__Task input__:
------------

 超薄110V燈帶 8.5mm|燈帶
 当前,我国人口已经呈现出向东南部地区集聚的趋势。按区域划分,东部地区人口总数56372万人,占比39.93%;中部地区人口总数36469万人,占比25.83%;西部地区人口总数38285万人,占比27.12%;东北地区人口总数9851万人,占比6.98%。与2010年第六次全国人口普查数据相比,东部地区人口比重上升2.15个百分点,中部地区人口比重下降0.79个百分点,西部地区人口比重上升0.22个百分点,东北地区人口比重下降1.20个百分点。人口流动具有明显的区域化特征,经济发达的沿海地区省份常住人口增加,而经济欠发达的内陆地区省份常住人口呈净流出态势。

------------

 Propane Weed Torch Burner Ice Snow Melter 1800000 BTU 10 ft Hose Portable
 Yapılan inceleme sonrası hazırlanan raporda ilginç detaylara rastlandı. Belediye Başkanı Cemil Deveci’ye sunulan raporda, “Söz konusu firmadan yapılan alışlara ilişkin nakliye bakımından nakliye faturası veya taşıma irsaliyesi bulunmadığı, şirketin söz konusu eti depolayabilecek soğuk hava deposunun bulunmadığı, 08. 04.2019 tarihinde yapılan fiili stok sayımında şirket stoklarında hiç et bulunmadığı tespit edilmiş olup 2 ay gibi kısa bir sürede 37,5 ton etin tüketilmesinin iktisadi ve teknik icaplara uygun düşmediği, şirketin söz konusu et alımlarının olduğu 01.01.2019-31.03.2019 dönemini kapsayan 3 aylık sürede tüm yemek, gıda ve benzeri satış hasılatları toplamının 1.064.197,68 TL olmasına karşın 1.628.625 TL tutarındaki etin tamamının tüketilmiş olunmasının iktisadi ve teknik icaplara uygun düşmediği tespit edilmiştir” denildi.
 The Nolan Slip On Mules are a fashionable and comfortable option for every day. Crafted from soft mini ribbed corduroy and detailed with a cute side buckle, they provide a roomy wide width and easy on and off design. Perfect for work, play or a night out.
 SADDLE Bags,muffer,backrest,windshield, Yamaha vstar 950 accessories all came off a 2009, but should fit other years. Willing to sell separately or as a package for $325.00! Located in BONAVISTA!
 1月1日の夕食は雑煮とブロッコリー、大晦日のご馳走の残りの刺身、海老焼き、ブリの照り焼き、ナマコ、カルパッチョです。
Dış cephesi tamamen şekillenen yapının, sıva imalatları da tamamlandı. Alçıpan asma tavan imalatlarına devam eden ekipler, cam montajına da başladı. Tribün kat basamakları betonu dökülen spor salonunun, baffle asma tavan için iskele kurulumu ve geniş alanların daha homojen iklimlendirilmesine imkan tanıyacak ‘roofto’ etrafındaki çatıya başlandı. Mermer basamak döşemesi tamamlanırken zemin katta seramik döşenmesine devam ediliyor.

------------

__Task directions__: Everything in the material above from the line that has "超薄110V燈帶 8.5mm|燈帶" through the line that has "当前,我国人口已经呈现出向东" must be duplicated exactly, with no other lines given.

__Task answer__:
 超薄110V燈帶 8.5mm|燈帶
 当前,我国人口已经呈现出向东南部地区集聚的趋势。按区域划分,东部地区人口总数56372万人,占比39.93%;中部地区人口总数36469万人,占比25.83%;西部地区人口总数38285万人,占比27.12%;东北地区人口总数9851万人,占比6.98%。与2010年第六次全国人口普查数据相比,东部地区人口比重上升2.15个百分点,中部地区人口比重下降0.79个百分点,西部地区人口比重上升0.22个百分点,东北地区人口比重下降1.20个百分点。人口流动具有明显的区域化特征,经济发达的沿海地区省份常住人口增加,而经济欠发达的内陆地区省份常住人口呈净流出态势。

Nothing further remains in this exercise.